Breast cancer risk and exercise
Stuff has a story from the LA Times about exercise and breast cancer risk. There’s a new research paper based on a large French population study, where women who ended up having a breast cancer diagnosis were less likely to have exercised regularly for the past five year period. This is just observational correlation, and although it’s a big study, with 2000 breast cancer cases in over 50000 women, the evidence is not all that strong (the uncertainty range around the 10% risk reduction given in the paper goes from an 18% reduction down to a 1% reduction). Given that, I’m a bit unhappy with the strength of the language in the story:
For women past childbearing age, a new study finds that a modest amount of exercise — four hours a week of walking or more intensive physical activity such as cycling for just two hours a week — drives down breast cancer risk by roughly 10 per cent.
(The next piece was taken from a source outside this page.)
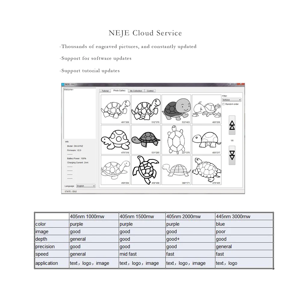 Особенности:Подходит для икон, глубокой гравировки и других материалов, Поддержка bmp, jpg, png и других форматов изображений.Тысячи облачных материалов постоянно обновляются для создания более интересного образа.Сканируйте qr-код с помощью приложения NEJE Scanner (только поддержка версии Android), он автоматически подключается к компьютерному программному обеспечению, прост и прост в использовании.Профессиональные алгоритмы обработки слов, алгоритм выполняет 1:1 рендеринга каждого пикселя без потери.Различные алгоритмы изображения более точно представляют характеристики изображения вашей семьи или кумира.Поддерживает параллельную гравировку и автономную работу, до 10 машин можно управлять только одним компьютером.Материнская плата совместима с различными лазерами питания и поддерживает 2pin mos и 4pin TTL контроль. Он может заменить больше оборудования питания для достижения эффекта расширения мощности.Полностью Металлическая прецизионная конструкция винта с механическим приводом и стабильная механическая структура с полной рамой обеспечивают точность X-Y оси в движении.Магнитная Защитная панель и Кнопка аварийной остановки обеспечивают безопасность. CE, FCC, FDA сертификация без излучения.Источник питания низкого напряжения USB 5 В, может заменить мощность 5 В/4 а, максимальная поддержка питания 20 Вт, безопасный, портативный и расширяемый.Оснащен 445нм лазерной трубкой, высокомощным лазером, TTL контролем, с датчиком температуры, безопасным и гравированным глубже.Может гравировать такие предметы, как внешний аккумулятор, мобильный телефон, кошелек, ручная работа и так далее.Примечание:1. Он не может гравировать металл, акрил и любой другой огнестойкий материал. Белый материал не работает хорошо.2. Продукт подходит только для личных DIY, из-за скорости резьбы, не рекомендуется для промышленного использования.3. Когда машина работает, рекомендуется не смотреть непосредственно на лазерную головку и не управлять лазерной головкой непосредственно вручную.4. Лазерный диод является чувствительным компонентом, обратите внимание на предотвращение электростатического повреждения (продукт включает в себя дизайн электростатической защиты, но есть определенная вероятность повреждения)5. Приложение поддерживает только версию Android.Характеристики:Тип штепсельной вилки: штепсельная вилка европейского стандарта/штепсельная вилка американского стандарта (опционально)Материал: алюминий + акрил + нержавеющая стальОсновной цвет: черныйМощность: 3000 МВтВходное напряжение: 100-240 ВВыходное напряжение: 5 В, 2 АДлина лазерной волны: 445нмФормат изображения: bmp, jpg, png и т. Д.Размер изображения: 490*490 пикселей/0,075 мм точечное расстояниеИзображение гравировка узор: растровый рисунок гравировкаСистема поддержки: Win7 / Win8 / XP / Win10Площадь Гравировки: 38*38 мм/1,50*1,50 дюймаРазмер изделия: 16*14,5*19 см/6,30*5,71*7,48 дюймовВес изделия: 976 г/34,43 унцийВес посылка: 1800 г/63,49 унцийРазмер посылка: 30*21*23 см/11,81*8,27 * 9.06inПосылка:1 * гравировальный станок1 * USB кабель1 * кабель питания1 * Адаптер питания1 * гаечный ключ1 * маркер для белой доски3 * деревянный блок3 * Бумага1 * Руководство (на английском языке)
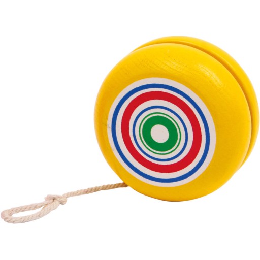 JOJO jest wykonane z drewna i ładnie pomalowane i polakierowane bezpiecznymi farbami. Ma żółty kolor i okręgi w kolorach: zielonym, niebieskim, białym i czerwonym. Ma także naturalny biały sznureczek.

There’s a more dramatically wrong numerical issue towards the end of the story, though:
The medications tamoxifen and raloxifene can also drive down the risk of breast cancer in those at higher than average risk. They come with side effects such as an increased risk of deep-vein thrombosis or pulmonary embolism, and their powers of risk reduction are actually pretty modest: If 1000 women took either tamoxifen or raloxifene for five years, eight breast cancers would be prevented.
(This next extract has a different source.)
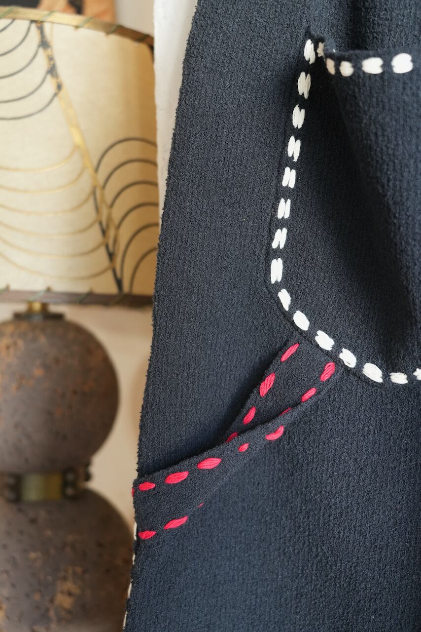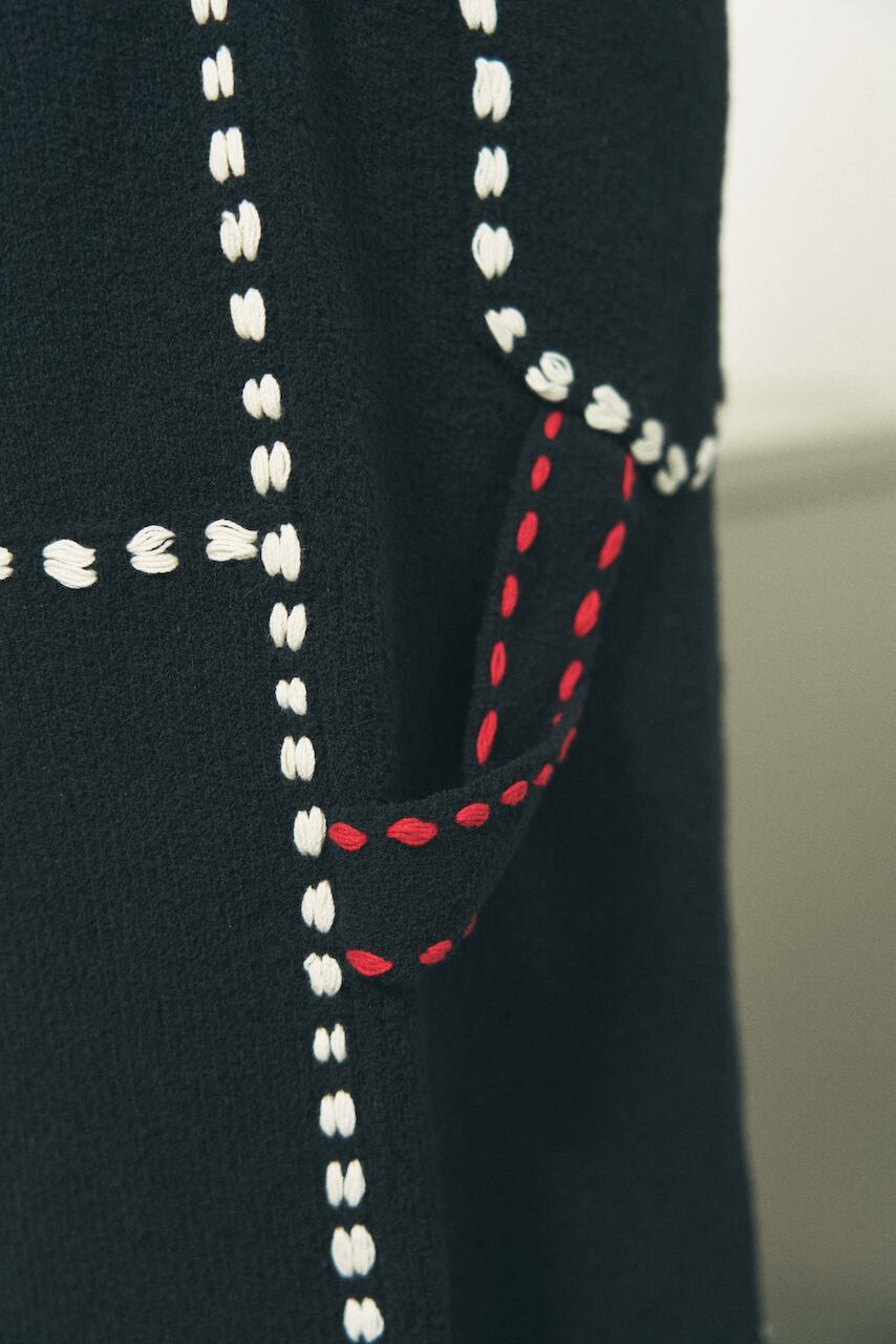 白のステッチ糸もドライなコットン糸にしています。

By comparison, regular physical activity is powerful.
Using relative risk reduction for the (potential) benefits of exercise and absolute risk reduction for the benefits of the drugs is misleading. Using the breast cancer risk assessment tool from the National Cancer Institute, the five-year breast cancer risk for a typical 60 year old is perhaps 2%. That agrees with the study’s 2000 cases in 52000 women followed for at least nine years. If 1000 women with that level of risk took up regular exercise for five years, and if the benefits were real, two breast cancers would be prevented.
Exercise is much less powerful than the drugs, but it’s cheap, doesn’t require a doctor’s prescription, and the side-effects on other diseases are beneficial, not harmful.
Thomas Lumley (@tslumley) is Professor of Biostatistics at the University of Auckland. His research interests include semiparametric models, survey sampling, statistical computing, foundations of statistics, and whatever methodological problems his medical collaborators come up with. He also blogs at Biased and Inefficient See all posts by Thomas Lumley »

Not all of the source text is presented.